In their first match of the weekend, the Spartans swept the Hawkeyes in straight sets (25-18, 25-15, 25-18). Iowa came into the match off to their best start since 2006, recording a 10-2 overall record during their non-conference schedule.
For redshirt-junior Autumn Bailey, the match was a reunion of sorts. Hawkeyes head coach Bond Shymansky originally recruited Bailey when both were at Marquette University.
“We have a really great relationship,” Bailey said. “He’s a great person, I love playing against him. It’s kind of funny, he knows how I play and so I can see that he’s told the things to his team about my tendencies, but I like playing against him.”
As for the game, there were only seven tie scores and two lead changes. The Spartans as a hit 34.5 percent and chipped in nine service aces.
While MSU started off red-hot and cooled off a bit, head coach Cathy George said she thought that wasn’t because of her team, but their opponent's ability.
“Iowa is a strong team that only has two losses on the season,” George said. “I expected them to rebound, they weren’t just going to lay over and die. That doesn’t happen in the Big Ten. I would expect a fight from them. What we needed to do is make sure we kept the pressure on, I think we did get a little distracted. ... I credit Iowa too for doing nice things.”
Looking into the next day, the Spartans faced off against the consensus No. 1 team in the country and the defending national champions in the Nebraska Cornhuskers.
Before the match, MSU also honored their 1976 volleyball team. Forty years ago, the group advanced to the Elite Eight back in the days when they competed in the Association of Intercollegiate Athletics for Women, or AIAW. Those were the days before the NCAA sponsored championships for women's sports.
With the 1976 team in attendance, the Spartans raced out to a 2-0 lead before eventually falling in five sets, 3-2 (25-22, 25-23, 20-25, 14-25, 14-16).

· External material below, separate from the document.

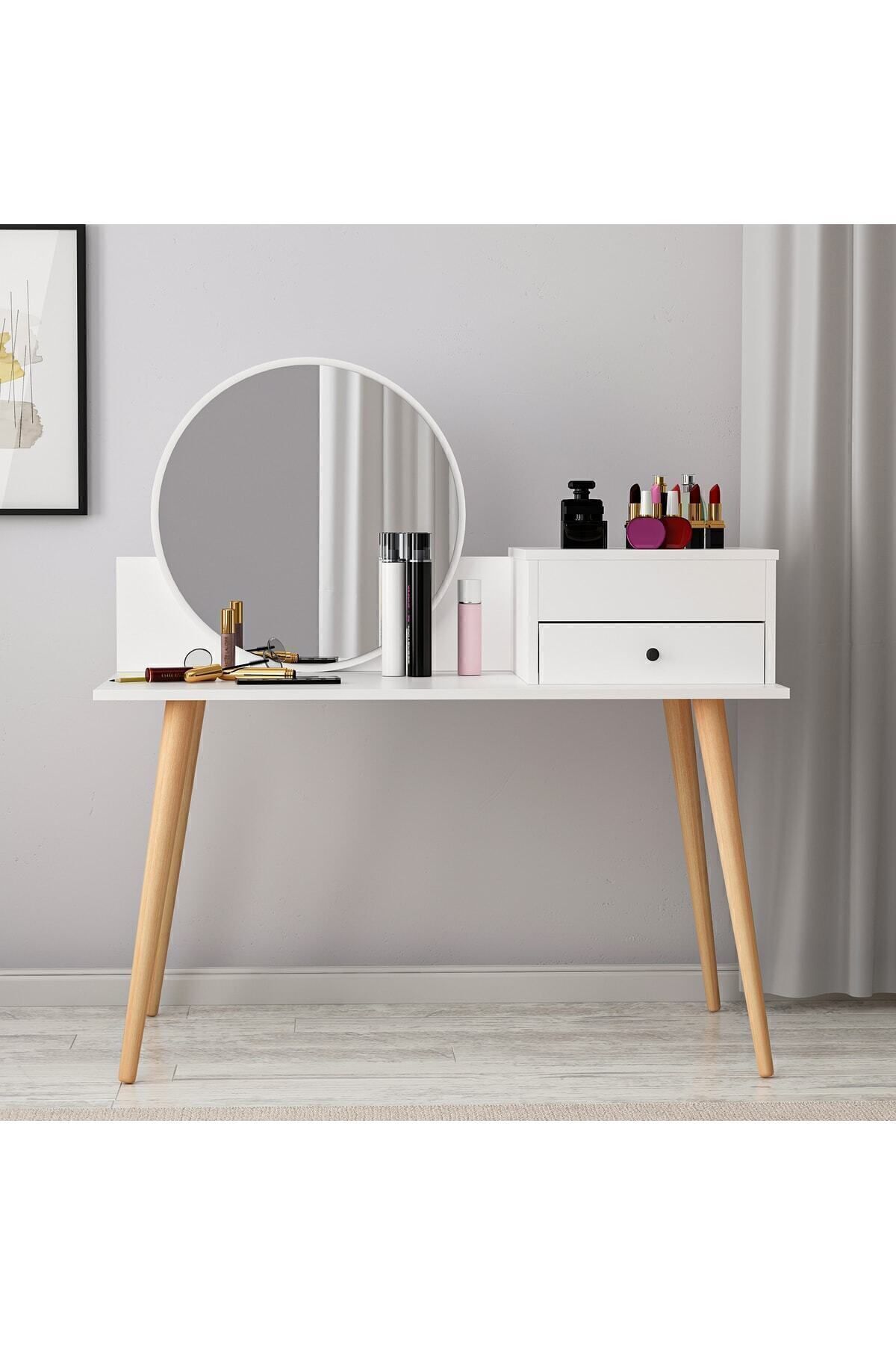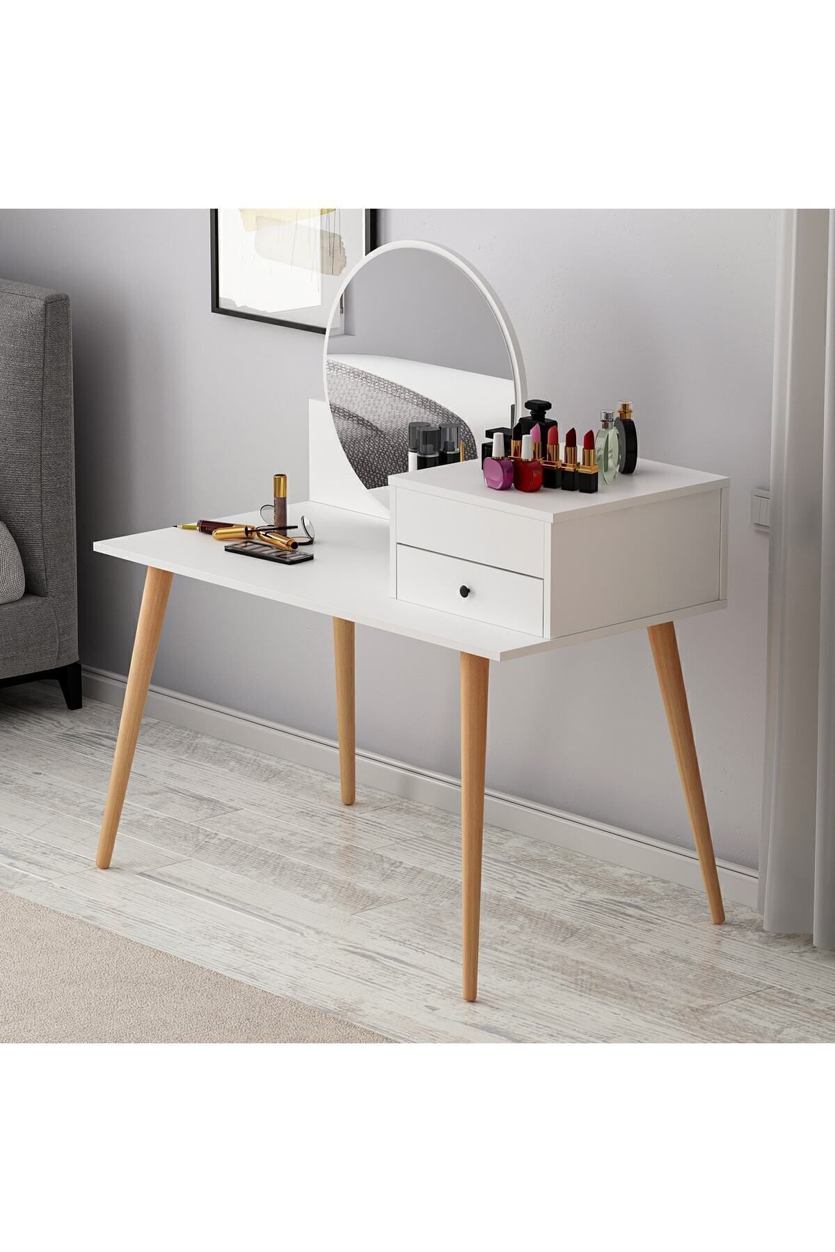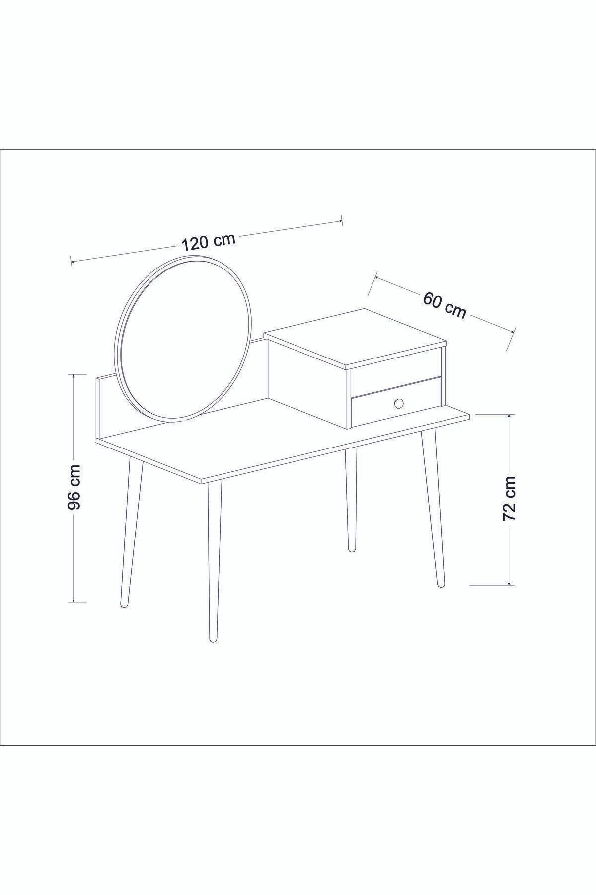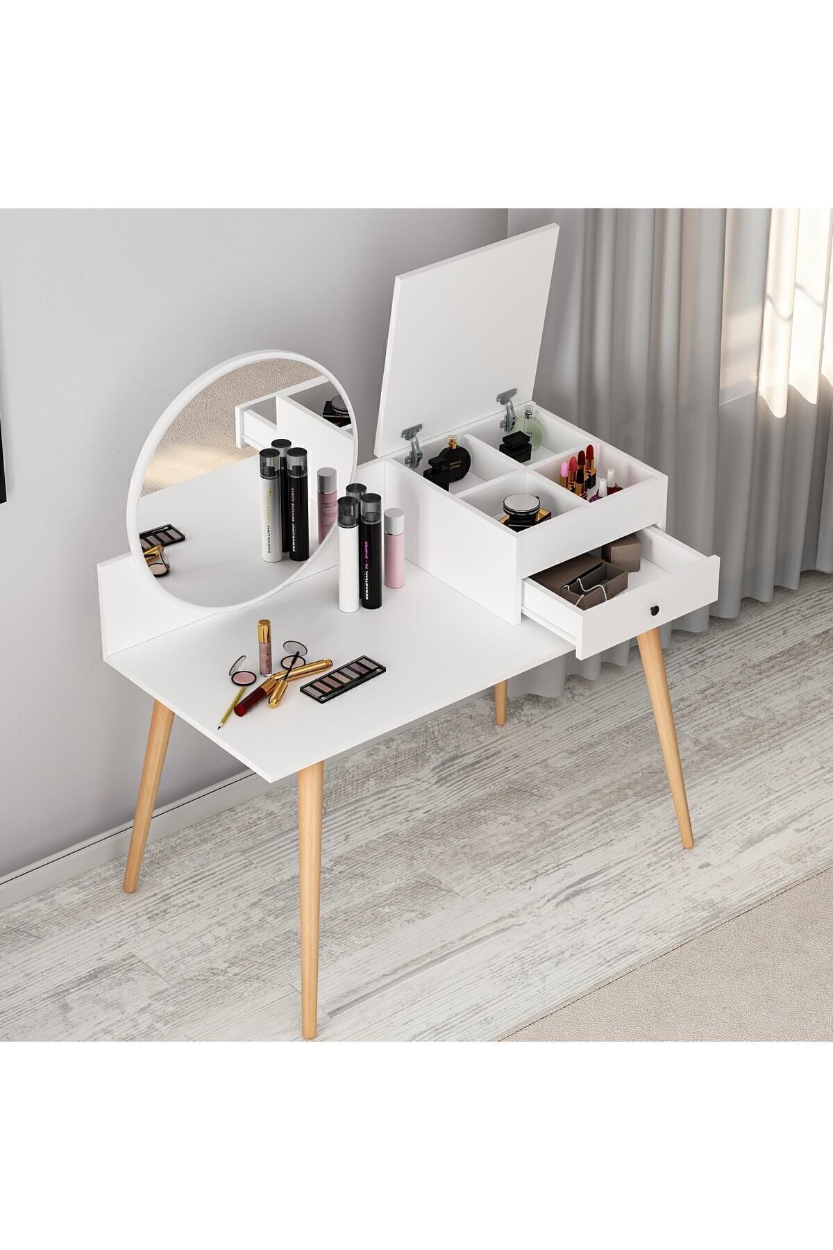 Yuvarlak aynası, geniş kullanım yüzeyi, gizli takı bölmesi ve çekmecesi ile tüm makyaj ve takı düzeninizi kolayca sağlar. Ahşap görünümlü zarif ayakları ile sağlamlık sunarken, minimalist çizgileri sayesinde modern ve klasik dekorasyonlarla uyum sağlar.

Just like the night before, the Spartans started off fast once again, evidenced by taking the first two sets from the Cornhuskers. Late in the first set, though, two crucial calls swung the momentum in the Spartans’ favor.
With the score knotted up 20-20 on back-to-back plays, challenges were issued, one by George and the other by Nebraska head coach John Cook. Both points were awarded to the Spartans as they finished off the first set 25-22. MSU was successful in the first set and did not allow Nebraska to take the lead.

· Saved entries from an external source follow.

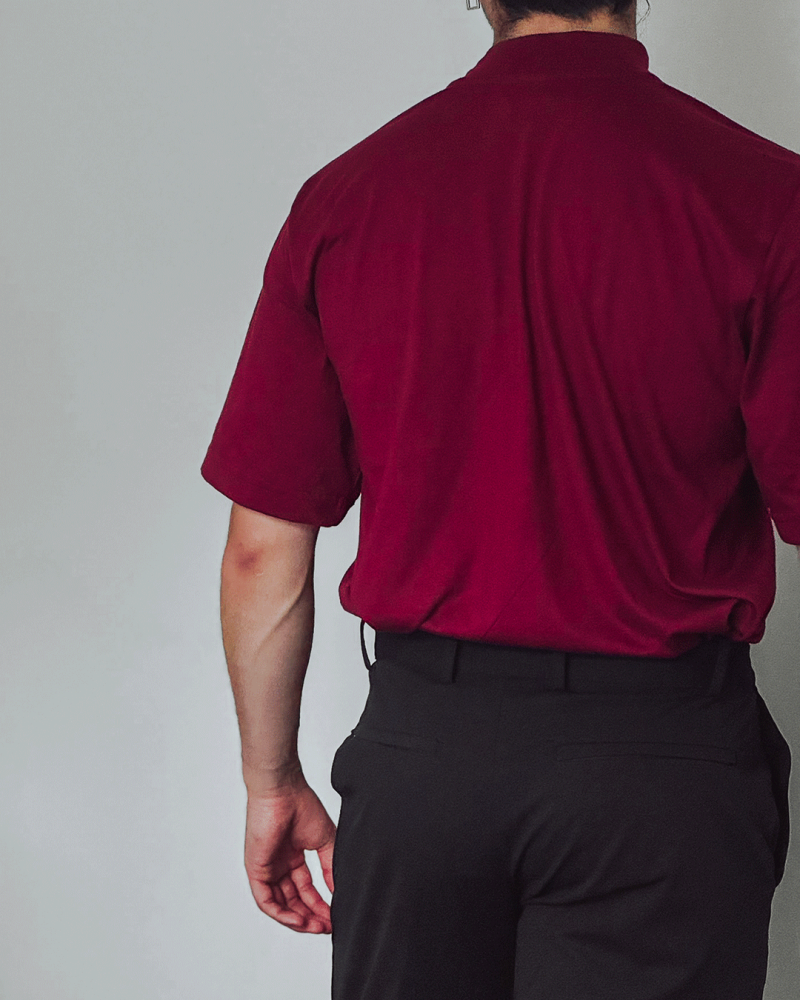Buscamos encontrar un balance entre lo moderno con el estilo clásico formal, con hombros ligeramente caídos y mangas amplias, utilizando la polera tanto dentro del pantalón como afuera, se ve un estilo limpio y clásico, excelente tanto como para ir a un encuentro normal del día a día hasta una reunión más formal.
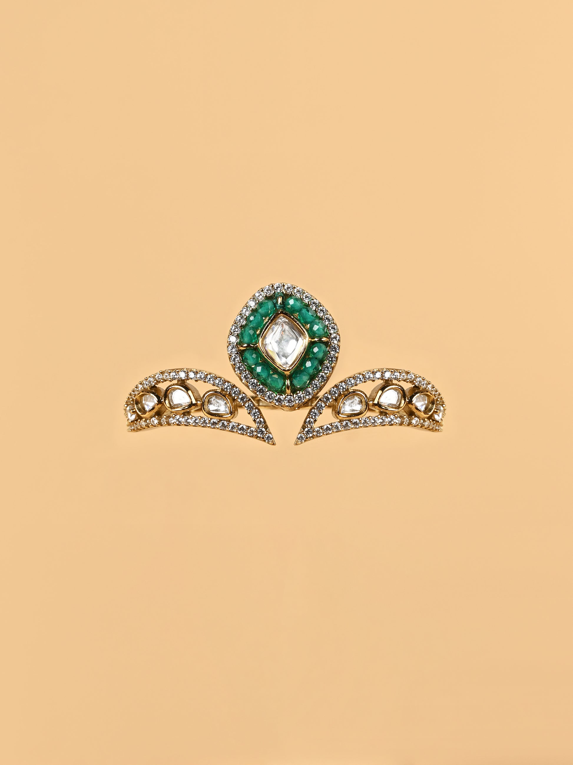 Handcrafted by skilled Indian artisans, this ring carries the aura of royalty, making it perfect for both festive grandeur and contemporary chic.
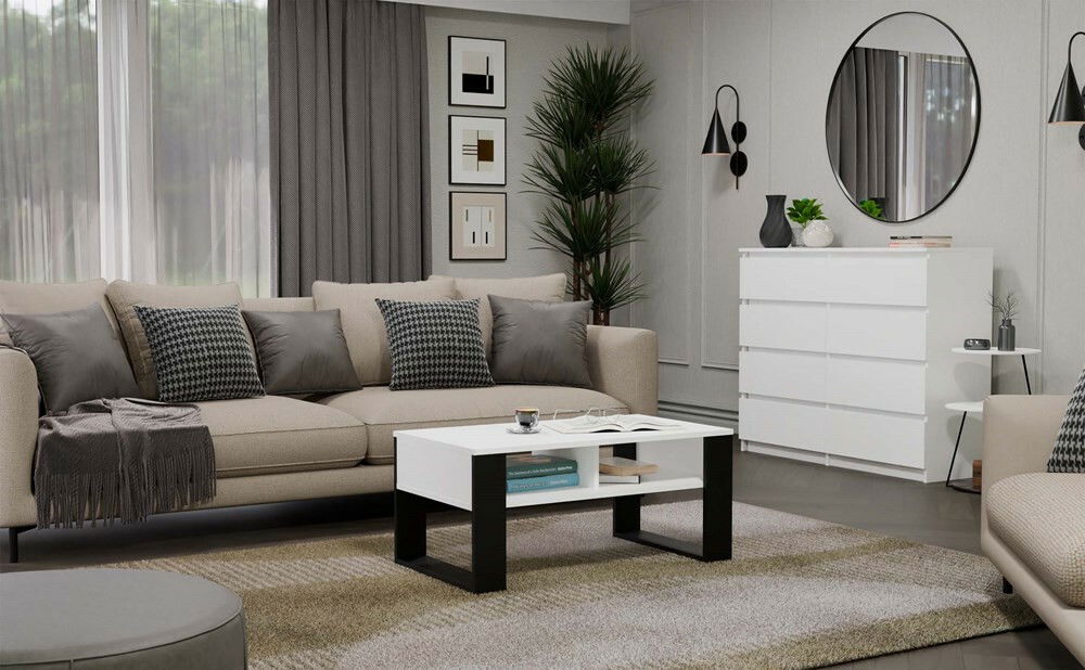 ZobrazitKonferenční stolek Maduro 3 v elegantní kombinaci bílé a černé barvy je ideálním doplňkem do moderního interiéru. Jeho robustní konstrukce z laminované dřevotřísky zaručuje vysokou odolnost vůči poškrábání, což prodlužuje životnost nábytku. S praktickými dvěma úložnými poličkami pod vrchní deskou nabízí dostatek prostoru pro uskladnění knih či dekorací. Stolek se jednoduše montuje a jeho minimalistický design skvěle zapadne do obývacího pokoje, čímž vytvoří útulnou atmosféru.
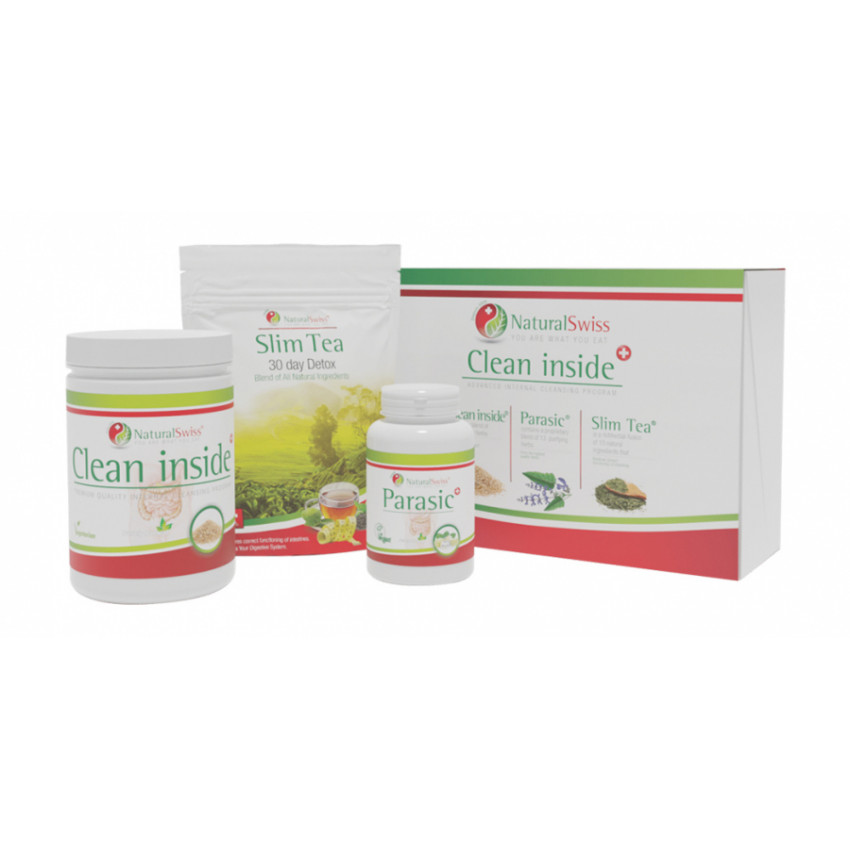 Program CleanInside je kombinací tří produktů, které obsahují pečlivě vybrané přírodní rostlinné složky, jimiž jsou Parasic kapsle, vlákninový přípravek CleanInside a léčivý čaj Slim Tea. Komplexní kúra na očistu střeva a detoxikaci od NaturalSwiss se skládá ze sady produktů programu Clean Inside a programu ToXiClean. Při vytvoření programu Clean Inside bylo naším cílem sestavit produktovou kombinaci, jejíž členové synergicky vyvíjejí a vzájemně posilují své prospěšné zdravotní účinky ve prospěch důkladné a přírodní očisty tlustého střeva.

The fifth set saw a competitive back-and-forth between the teams, as there were six tie scores and three lead changes in the game to 15. The Spartans had match point when they were up 14-13. MSU, however, faltered, giving up three straight points to the Cornhuskers and losing 16-14.

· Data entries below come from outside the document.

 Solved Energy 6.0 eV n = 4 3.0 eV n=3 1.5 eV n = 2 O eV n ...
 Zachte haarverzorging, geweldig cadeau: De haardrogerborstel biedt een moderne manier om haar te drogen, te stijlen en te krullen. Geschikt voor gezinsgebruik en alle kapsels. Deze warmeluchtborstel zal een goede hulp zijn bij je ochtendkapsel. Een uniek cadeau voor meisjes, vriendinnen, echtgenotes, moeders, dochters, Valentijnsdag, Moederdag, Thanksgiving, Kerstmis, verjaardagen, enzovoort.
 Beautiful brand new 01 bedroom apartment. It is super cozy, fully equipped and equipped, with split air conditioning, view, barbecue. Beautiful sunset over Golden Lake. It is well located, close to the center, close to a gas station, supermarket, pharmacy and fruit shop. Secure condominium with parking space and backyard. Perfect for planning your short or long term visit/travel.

After the tough loss, the 1976 MSU volleyball team talked to the current Spartans inside the locker room. Captain Rachel Minarick said they discussed things not only on the volleyball court, but also life off the court as well.
“(Talking to the 1976 team) actually really helped put it into perspective,” Minarick said. “They played such a long time ago and they’re still so close together. It just puts it into perspective that this is a bond that you’re going to have for the rest of your life, just knowing that this is one match in your whole life.”
George also said while Saturday's loss was tough, the team will be back to business again starting this week.
“(This week we will be) getting ready for Penn State and Rutgers and we’ll just get back to work,” George said. “Just kind of get back at that stuff, and it’s nothing really different. We’ll just stay the course and do what we do.”
The Spartans will be back in action this upcoming weekend as they travel east to face off against Penn State University at 7 p.m. on Sept. 30 and Rutgers University at 7 p.m. on Oct. 1.